How about the long-term health effects of regular physical activity? Simply put, exercise reduces your risk for chronic diseases. In fact, there are about 40 conditions that worsen with physical inactivity: poor balance, increased risk of bone fractures, various types of cancers, cardiovascular disease, metabolic syndrome, depression/anxiety, cognitive decline, constipation, decreased immune function, osteoporosis, arthritis, and type II diabetes to name a few [4]. We can safely assume that living an active lifestyle can help combat these conditions, so let’s just leave it at that. Physical activity (along with nutrition) is one of the greatest self-care behaviours at our disposal, and can positively influence our quality of life and wellbeing long-term. Even as we age, maintaining a healthy level of activity improves independence and has been associated with increased lifespan! 

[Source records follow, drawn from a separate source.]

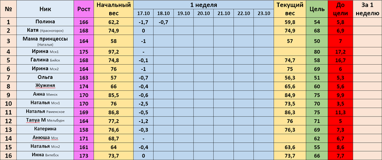 Если еще не поздно, добавьте и меня в таблицу, пожалуйста. Я тоже начала с понедельника, но одной скучновато. Начальный вес 84 при росте 172. Цель 72. Текущий вес 83.1.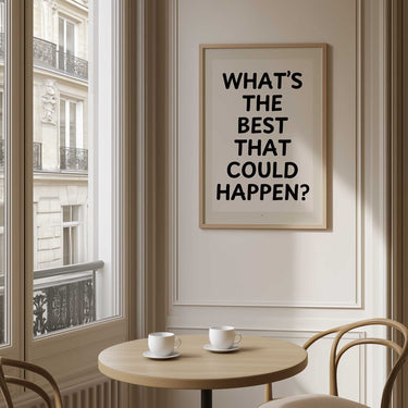 The "What's The Best That Could Happen" poster presents motivational typography aimed at fostering optimism and thoughtful reflection. It is available in a range of different colours.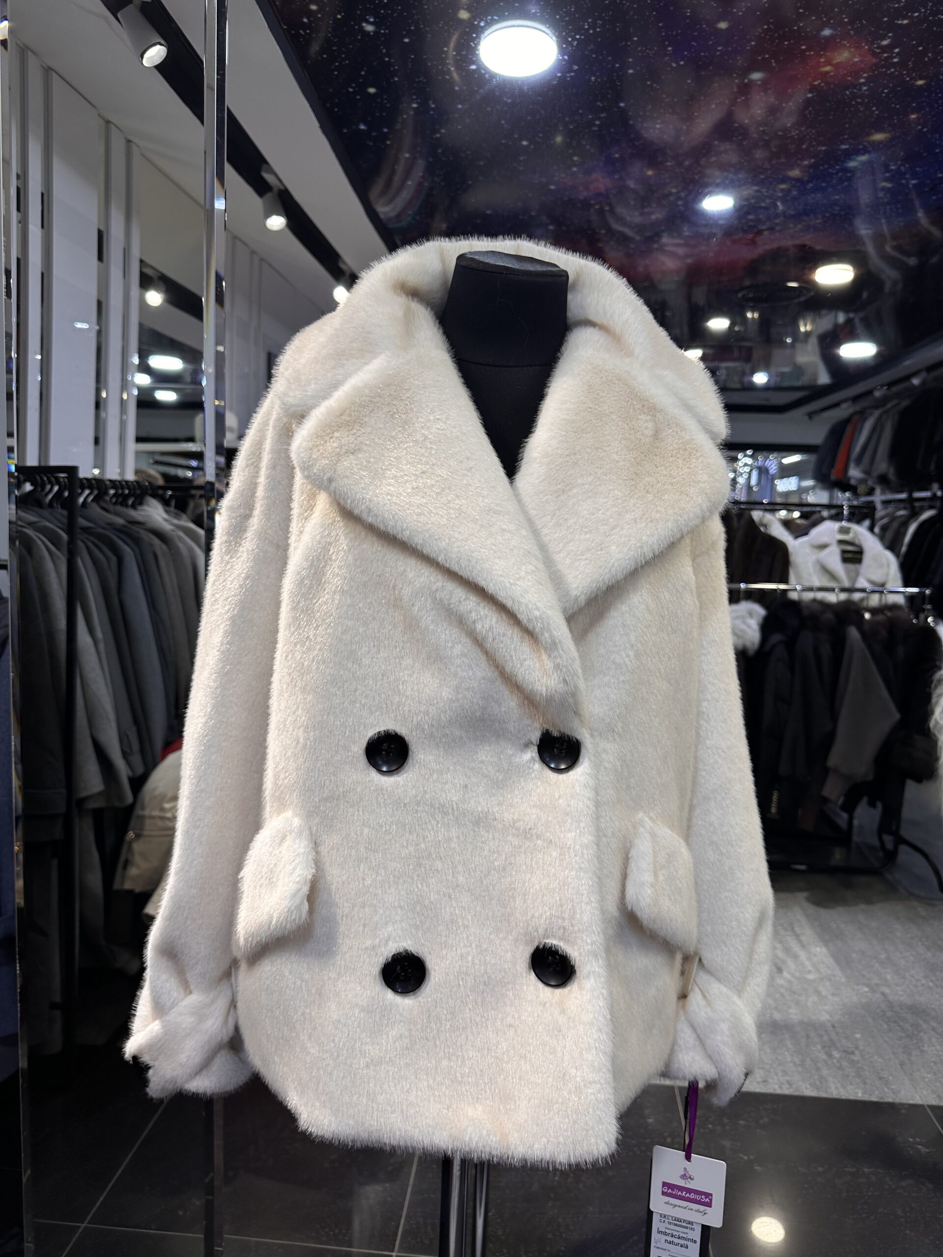 Укороченная длина делает шубу практичной для активной городской жизни.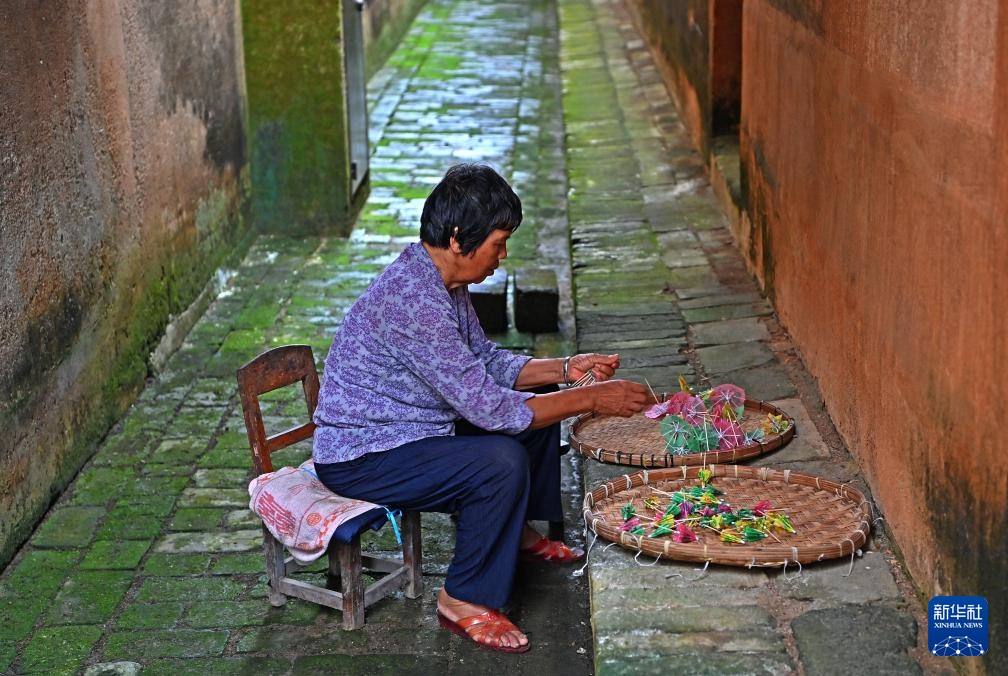 8月15日,一名村民在大芦村古宅里做手工。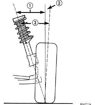 Included angle (3) is the sum of the S.A.I. angle (1) plus or minus the camber angle (2), depending on whether or not the wheel has positive or negative camber. If camber is positive, add the camber angle to the S.A.I angle. If camber is negative, subtract the camber angle from the S.A.I. angle. Included angle is not adjustable, but can be used to diagnose a frame misalignment or bent suspension component (spindle, strut).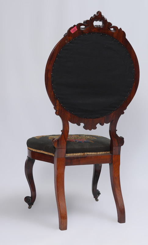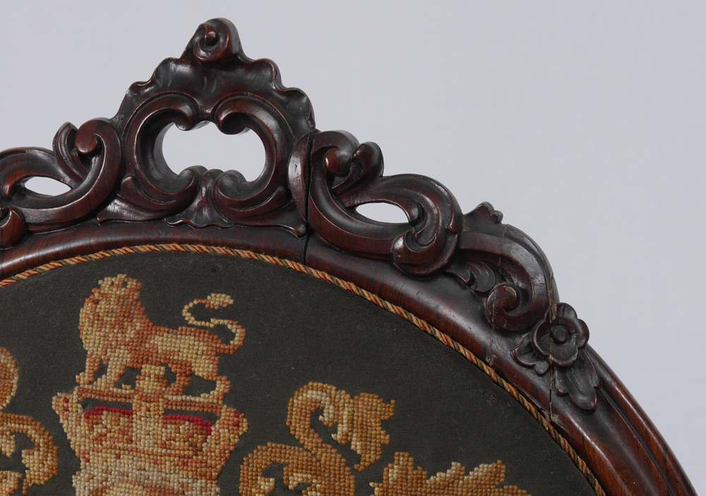 ENGLISH VICTORIAN NEEDLEPOINT SIDE CHAIR: Decidedly British with round back with carved crest and supports. Shaped skirt and legs with carved front legs ending in castors. Needlepoint upholstered with back bearing the Royal Coat of Arms and motto, seat with Union Jack flag, floral and thistle motif. Overall measures 44 1/2'' h. x 20 1/2'' x 21 1/2''.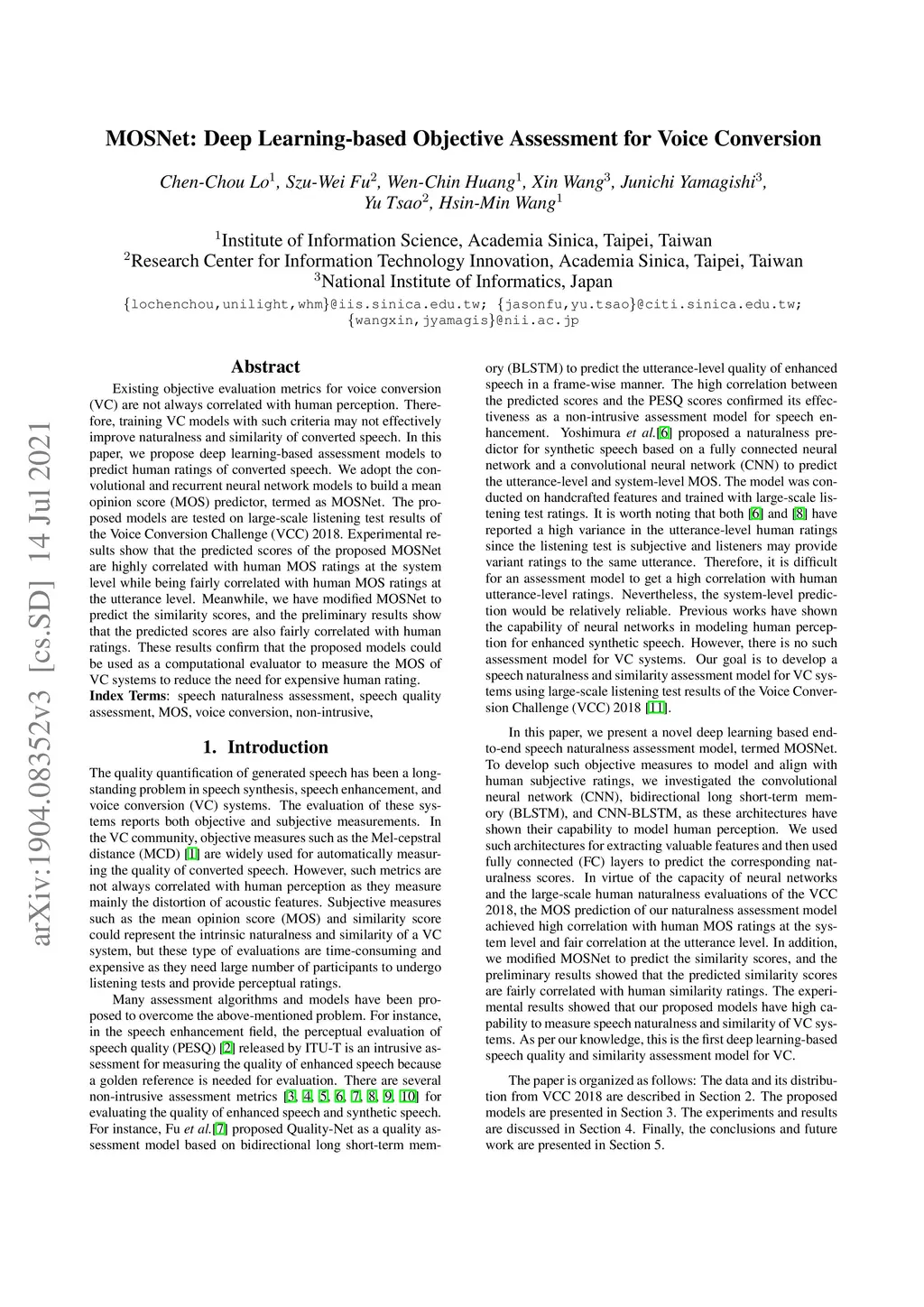 MOSNet: Deep Learning based Objective Assessment for Voice Conversion

How do we increase our activity? First off, start small and gently ease into adding activity on a daily basis. Whether it’s parking the furthest away from the grocery store, taking your dog for a walk, getting off of the bus a stop or two early, household chores or outdoor activities, these small changes over a period of time make a difference. For those looking to challenge themselves, hiring a personal trainer to help achieve your fitness goals, or signing up at your local gym are excellent ways to commit to being active. 

And there you have it. You heard it here first (maybe)! If not, the information above may now persuade you to finally implement that exercise you’ve wanted to happen for years! Remember, it’s never too late to be active. This is just one piece of a larger puzzle to live a longer, healthier and happier life! Now if only we had the appropriate nutritional support to supplement our activity (coming soon, stay tuned for more!). In the meantime, just get out there and move!

References

[1] Government of Canada. (2019, January 14). Tips for healthy eating. Retrieved February 26, 2019, from https://food-guide.canada.ca/en/tips-for-healthy-eating/physical-activity/

[2] Füzéki, E., & Banzer, W. (2018). Physical Activity Recommendations for Health and Beyond in Currently Inactive Populations. International Journal of Environmental Research and Public Health,15(5), 1042. doi:10.3390/ijerph15051042

[3] Basso, J. C., & Suzuki, W. A. (2017). The Effects of Acute Exercise on Mood, Cognition, Neurophysiology, and Neurochemical Pathways: A Review. Brain Plasticity,2(2), 127-152. Retrieved March 4, 2019, from https://www.ncbi.nlm.nih.gov/pmc/articles/PMC5928534/.

[4] Ruegsegger, G. N., & Booth, F. W. (2018). Health Benefits of Exercise. Cold Spring Harbor Laboratory Press,1-16. Retrieved March 5, 2019.